Activity: From the line with "今回はEPUBファイルを送ってみます。右下の「プッシュ」をクリック。" to the line with "Coatzacoalcos, Ver. –", retype every line exactly, including those two, and leave out the rest of the data below.

---------- Records for processing

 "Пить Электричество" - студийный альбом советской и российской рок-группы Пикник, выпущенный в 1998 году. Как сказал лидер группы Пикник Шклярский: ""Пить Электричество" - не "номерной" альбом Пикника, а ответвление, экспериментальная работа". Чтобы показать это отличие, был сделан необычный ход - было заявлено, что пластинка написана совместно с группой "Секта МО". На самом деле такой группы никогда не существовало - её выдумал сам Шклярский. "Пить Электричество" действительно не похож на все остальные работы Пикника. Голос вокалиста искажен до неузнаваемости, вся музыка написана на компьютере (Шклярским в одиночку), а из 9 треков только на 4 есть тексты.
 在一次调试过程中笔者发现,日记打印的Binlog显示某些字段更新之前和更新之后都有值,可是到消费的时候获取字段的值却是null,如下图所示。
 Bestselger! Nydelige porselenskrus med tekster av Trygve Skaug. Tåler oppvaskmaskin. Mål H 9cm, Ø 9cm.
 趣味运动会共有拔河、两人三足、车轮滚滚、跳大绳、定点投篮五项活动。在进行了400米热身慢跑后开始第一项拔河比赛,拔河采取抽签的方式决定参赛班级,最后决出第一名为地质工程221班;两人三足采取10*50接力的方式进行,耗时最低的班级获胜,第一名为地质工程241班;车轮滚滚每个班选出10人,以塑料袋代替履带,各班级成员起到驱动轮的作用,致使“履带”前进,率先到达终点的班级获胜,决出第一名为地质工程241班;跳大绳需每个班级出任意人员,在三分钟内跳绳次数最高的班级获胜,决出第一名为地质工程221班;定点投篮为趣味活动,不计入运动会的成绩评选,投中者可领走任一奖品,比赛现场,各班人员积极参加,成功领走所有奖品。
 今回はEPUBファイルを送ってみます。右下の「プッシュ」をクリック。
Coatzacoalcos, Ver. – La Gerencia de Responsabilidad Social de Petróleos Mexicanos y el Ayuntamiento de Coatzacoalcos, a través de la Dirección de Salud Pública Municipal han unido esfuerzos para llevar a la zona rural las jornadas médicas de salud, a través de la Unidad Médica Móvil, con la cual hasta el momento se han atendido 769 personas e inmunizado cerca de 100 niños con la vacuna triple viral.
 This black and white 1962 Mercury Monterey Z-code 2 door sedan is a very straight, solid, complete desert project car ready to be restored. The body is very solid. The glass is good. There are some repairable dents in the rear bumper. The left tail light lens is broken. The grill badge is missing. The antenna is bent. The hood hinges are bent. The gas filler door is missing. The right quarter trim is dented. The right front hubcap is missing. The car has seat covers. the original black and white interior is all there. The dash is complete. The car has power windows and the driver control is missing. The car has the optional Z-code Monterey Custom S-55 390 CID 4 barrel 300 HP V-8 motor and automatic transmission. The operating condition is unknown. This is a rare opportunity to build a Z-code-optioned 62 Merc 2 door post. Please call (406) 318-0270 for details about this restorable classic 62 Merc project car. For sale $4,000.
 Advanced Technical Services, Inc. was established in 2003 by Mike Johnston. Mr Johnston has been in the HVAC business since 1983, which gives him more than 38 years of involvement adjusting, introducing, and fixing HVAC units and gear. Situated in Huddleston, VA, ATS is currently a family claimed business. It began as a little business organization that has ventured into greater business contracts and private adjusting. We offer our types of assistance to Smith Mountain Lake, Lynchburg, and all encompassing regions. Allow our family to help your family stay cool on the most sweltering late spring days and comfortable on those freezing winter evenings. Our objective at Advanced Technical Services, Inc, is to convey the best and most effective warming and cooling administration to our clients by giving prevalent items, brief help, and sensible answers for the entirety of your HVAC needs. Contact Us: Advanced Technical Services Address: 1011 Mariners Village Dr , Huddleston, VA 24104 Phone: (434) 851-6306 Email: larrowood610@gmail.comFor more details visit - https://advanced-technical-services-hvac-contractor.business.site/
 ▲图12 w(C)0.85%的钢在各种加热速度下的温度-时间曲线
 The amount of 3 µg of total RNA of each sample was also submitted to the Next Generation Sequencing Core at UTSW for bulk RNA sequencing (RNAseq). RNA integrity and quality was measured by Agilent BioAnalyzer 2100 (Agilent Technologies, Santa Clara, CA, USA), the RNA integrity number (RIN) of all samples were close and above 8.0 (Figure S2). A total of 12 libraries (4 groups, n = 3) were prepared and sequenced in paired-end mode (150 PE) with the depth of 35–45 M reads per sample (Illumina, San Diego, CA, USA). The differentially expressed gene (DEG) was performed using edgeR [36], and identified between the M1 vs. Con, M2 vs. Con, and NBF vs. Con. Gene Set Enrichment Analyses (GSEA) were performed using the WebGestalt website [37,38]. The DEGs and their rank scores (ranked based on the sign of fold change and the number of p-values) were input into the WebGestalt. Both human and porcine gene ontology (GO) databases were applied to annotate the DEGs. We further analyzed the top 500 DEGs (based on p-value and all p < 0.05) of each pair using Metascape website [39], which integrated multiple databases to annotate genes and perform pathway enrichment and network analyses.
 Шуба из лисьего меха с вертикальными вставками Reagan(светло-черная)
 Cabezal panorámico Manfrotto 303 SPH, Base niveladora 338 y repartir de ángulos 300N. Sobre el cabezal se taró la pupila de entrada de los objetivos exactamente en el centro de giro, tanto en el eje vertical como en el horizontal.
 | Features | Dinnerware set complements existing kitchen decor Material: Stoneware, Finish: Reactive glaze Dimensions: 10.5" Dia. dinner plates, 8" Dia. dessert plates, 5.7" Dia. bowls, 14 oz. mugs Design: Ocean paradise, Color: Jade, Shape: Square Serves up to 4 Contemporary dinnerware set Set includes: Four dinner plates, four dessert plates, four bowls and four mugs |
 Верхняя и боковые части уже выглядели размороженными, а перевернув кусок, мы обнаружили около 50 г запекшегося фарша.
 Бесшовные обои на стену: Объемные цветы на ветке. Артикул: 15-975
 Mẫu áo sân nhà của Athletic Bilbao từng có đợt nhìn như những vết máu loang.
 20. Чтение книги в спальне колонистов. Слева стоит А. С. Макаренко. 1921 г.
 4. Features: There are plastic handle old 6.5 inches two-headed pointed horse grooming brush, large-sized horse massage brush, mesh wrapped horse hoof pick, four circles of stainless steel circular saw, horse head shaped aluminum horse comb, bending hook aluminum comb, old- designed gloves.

--------------------

Response:
 今回はEPUBファイルを送ってみます。右下の「プッシュ」をクリック。
Coatzacoalcos, Ver. – La Gerencia de Responsabilidad Social de Petróleos Mexicanos y el Ayuntamiento de Coatzacoalcos, a través de la Dirección de Salud Pública Municipal han unido esfuerzos para llevar a la zona rural las jornadas médicas de salud, a través de la Unidad Médica Móvil, con la cual hasta el momento se han atendido 769 personas e inmunizado cerca de 100 niños con la vacuna triple viral.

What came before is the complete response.